Headline at a glance (2026)

A 10% flake rate at 25 developers pushing 5 times each per day adds about 11% to your monthly compute spend (typically $50-200) and about $5,000-10,000 in developer-time investigation cost. The deflake project that drops the rate to 2% pays back in days; the harder challenge is the engineering discipline to actually do it.

What "flake rate" actually measures

Flake rate is the percentage of CI runs that fail and then pass on retry without any code changes. The denominator is total runs, not just failed runs. A 10% flake rate means one in ten runs flakes; a 5% rate is one in twenty. Different teams measure it differently: some count test-case retries (each individual test that retries successfully), some count job retries (an entire job that re-runs successfully), some count workflow retries (a complete pipeline rerun). The job-level rate is the one most CI vendor dashboards expose by default.

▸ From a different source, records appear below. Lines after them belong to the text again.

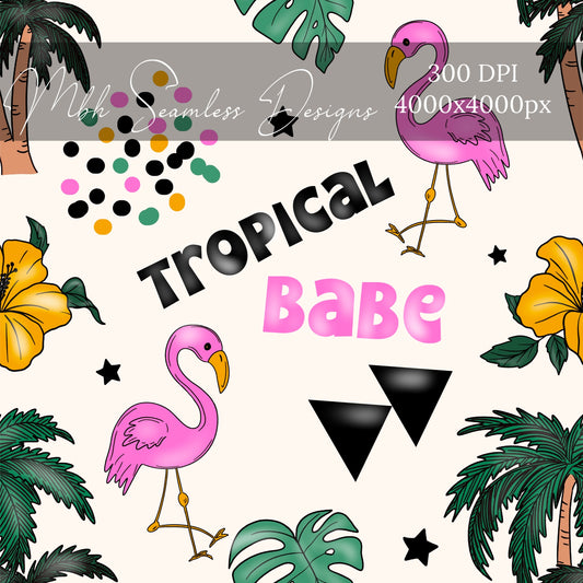 Tropical Babe Color Dots Flamingo Seamless Pattern
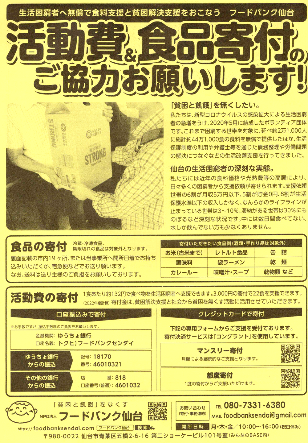 「フードバンクのような活動があることは知っていたけど、どこに持っていけば良いのか?」という方は、さくらや仙台店でもお預かりします。店頭にフードBOXを設置していますのでご利用ください。お持ちいただいた食料は「フードバンク仙台」を通じてお困りの方に届けられます。
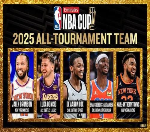 在最佳阵容中,杯赛MVP布伦森领衔,队友唐斯也入选。东契奇作为唯一一个非四强球队入选了阵容。
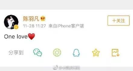 3、最关键的来了,一个多小时后,今天上午11时27分,陈羽凡的个人微博更新,并写道:“One love ”。以此行为来为自己吸毒被抓的事辟谣。
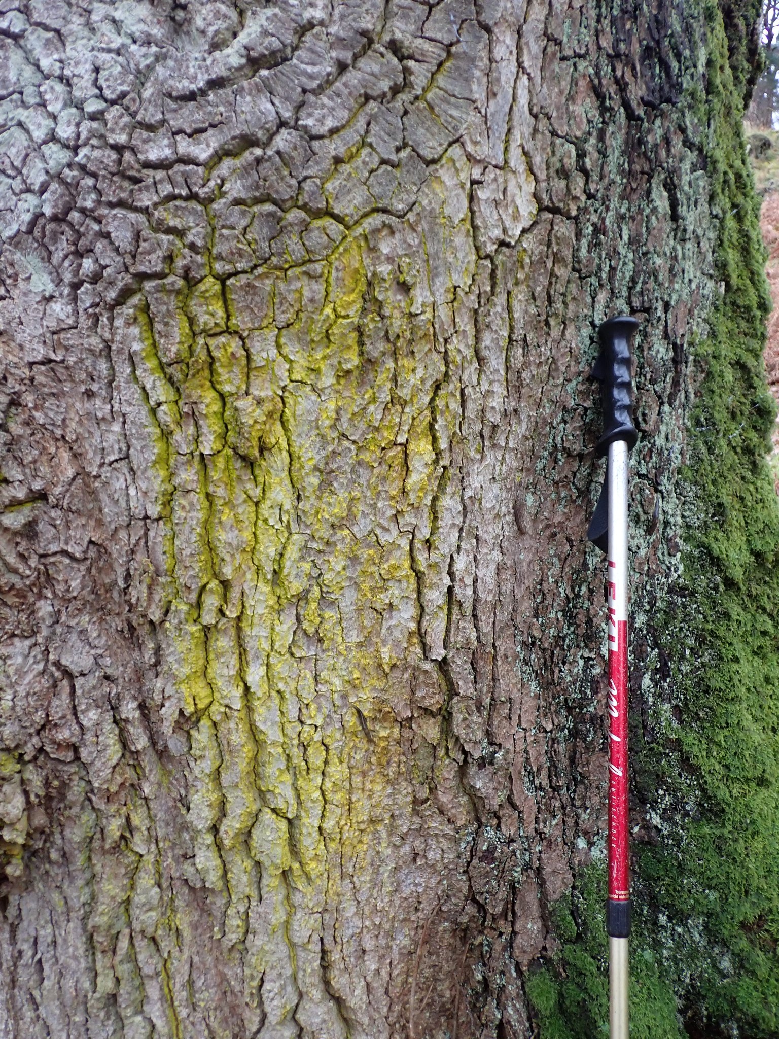 The drier side of the Oaks began to have more Lecanactis abietina: the purpley-grey thallus has white-tipped pycnidia that go red with C. There was Chrysothrix candelaris too- yellow streaks that look like spray paint. A loud rush surprised me- dozens of Wood pigeons landed in the canopy nearby. Nuthatches called.

Industry data on typical rates is consistent. The Snyk State of Open Source Security and similar surveys show 5-15% flake rates as common in browser-test-heavy and integration-test-heavy codebases. Pure unit test suites typically run under 2% once they are mature. Newer codebases tend toward higher flake rates as test infrastructure stabilises. A 10% rate is common for web teams; a 0.5-2% rate is the achievable target for teams that invest in flake reduction.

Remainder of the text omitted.